WORK INSTRUCTION: Wherever a picture appears, leave it out, and transcribe the rest of the records exactly.

/---

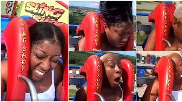 Hilarious video shows cute lady screaming in a rollercoaster as wind blows her wig away, stirs reactions
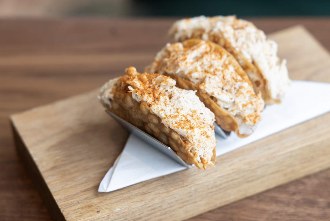 Three of our mini wonton tacos are filled with sushi rice, crab, tartar sauce, and topped with Old Bay seasoning.
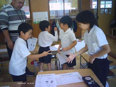 【1・2年】スクールカウンセラーの先生のファシリテートのもと、友だちのことをさらに知るために質問し合いました。楽しきインタビューし合いながら、好きな食べ物や好きな遊びのことを詳しく知ることができました。
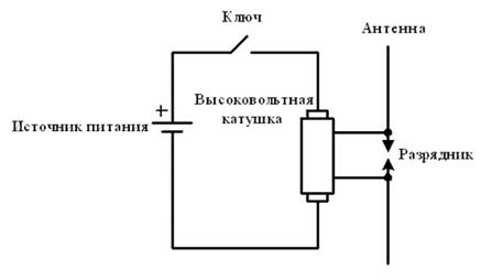 В радиопередатчике Попова использовался единственно известный в то время принцип получения колебаний высокой частоты - с помощью искрового разряда. Отсюда название таких передатчиков - искровые. Упрощенная схема радиопередатчика приведена на рисунке 2.
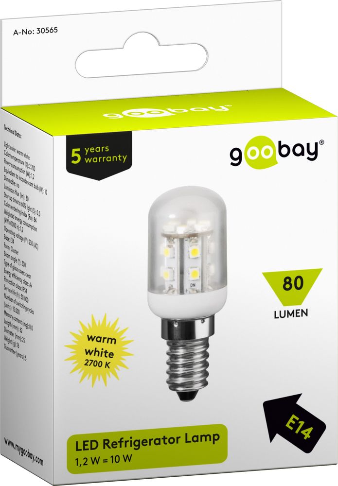 Goobay 30565 LED Kühlschranklampe, 1,2 W - Sockel E14, ersetzt 10 W
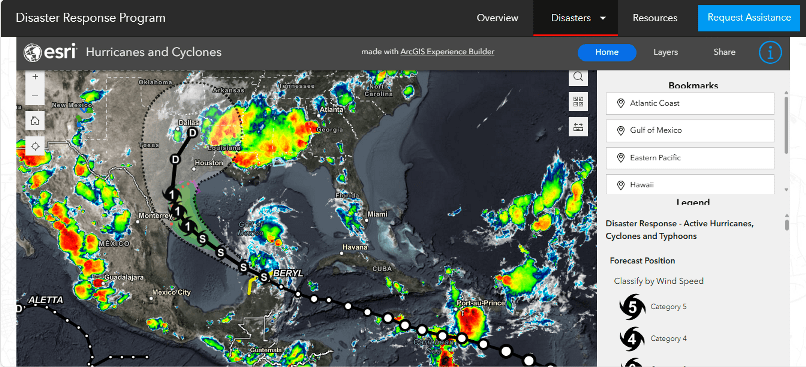 Visor global de huracanes del programa de respuesta ante desastres de ESRI
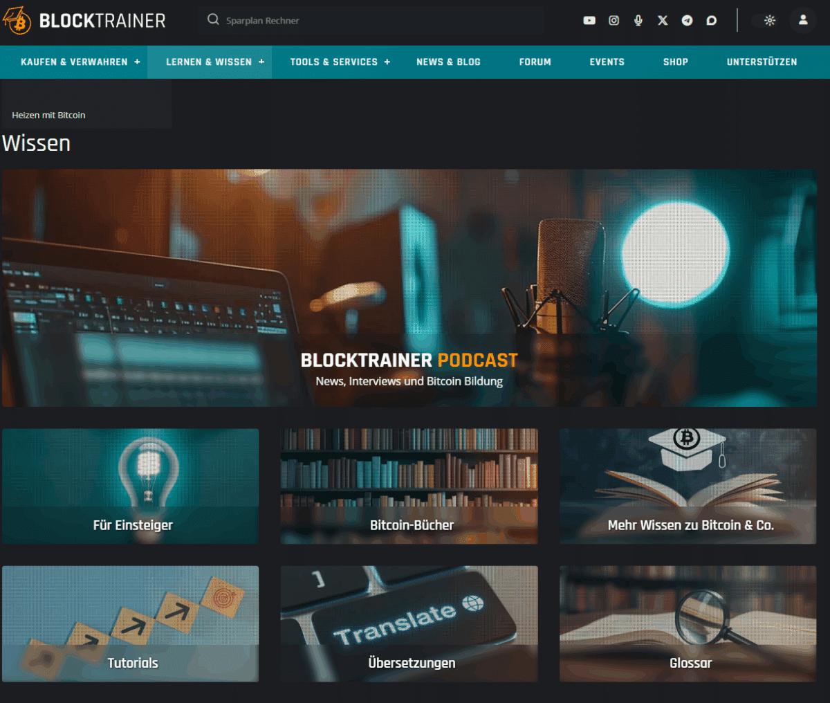 Der Bereich Lernen & Wissen ist das Herzstück der Blocktrainer-Website und richtet sich an alle, die Bitcoin wirklich verstehen wollen. Hier findest du unter anderem:

\---

YOUR SOLUTION:
 Hilarious video shows cute lady screaming in a rollercoaster as wind blows her wig away, stirs reactions
 Three of our mini wonton tacos are filled with sushi rice, crab, tartar sauce, and topped with Old Bay seasoning.
 【1・2年】スクールカウンセラーの先生のファシリテートのもと、友だちのことをさらに知るために質問し合いました。楽しきインタビューし合いながら、好きな食べ物や好きな遊びのことを詳しく知ることができました。
 В радиопередатчике Попова использовался единственно известный в то время принцип получения колебаний высокой частоты - с помощью искрового разряда. Отсюда название таких передатчиков - искровые. Упрощенная схема радиопередатчика приведена на рисунке 2.
 Goobay 30565 LED Kühlschranklampe, 1,2 W - Sockel E14, ersetzt 10 W
 Visor global de huracanes del programa de respuesta ante desastres de ESRI
 Der Bereich Lernen & Wissen ist das Herzstück der Blocktrainer-Website und richtet sich an alle, die Bitcoin wirklich verstehen wollen. Hier findest du unter anderem:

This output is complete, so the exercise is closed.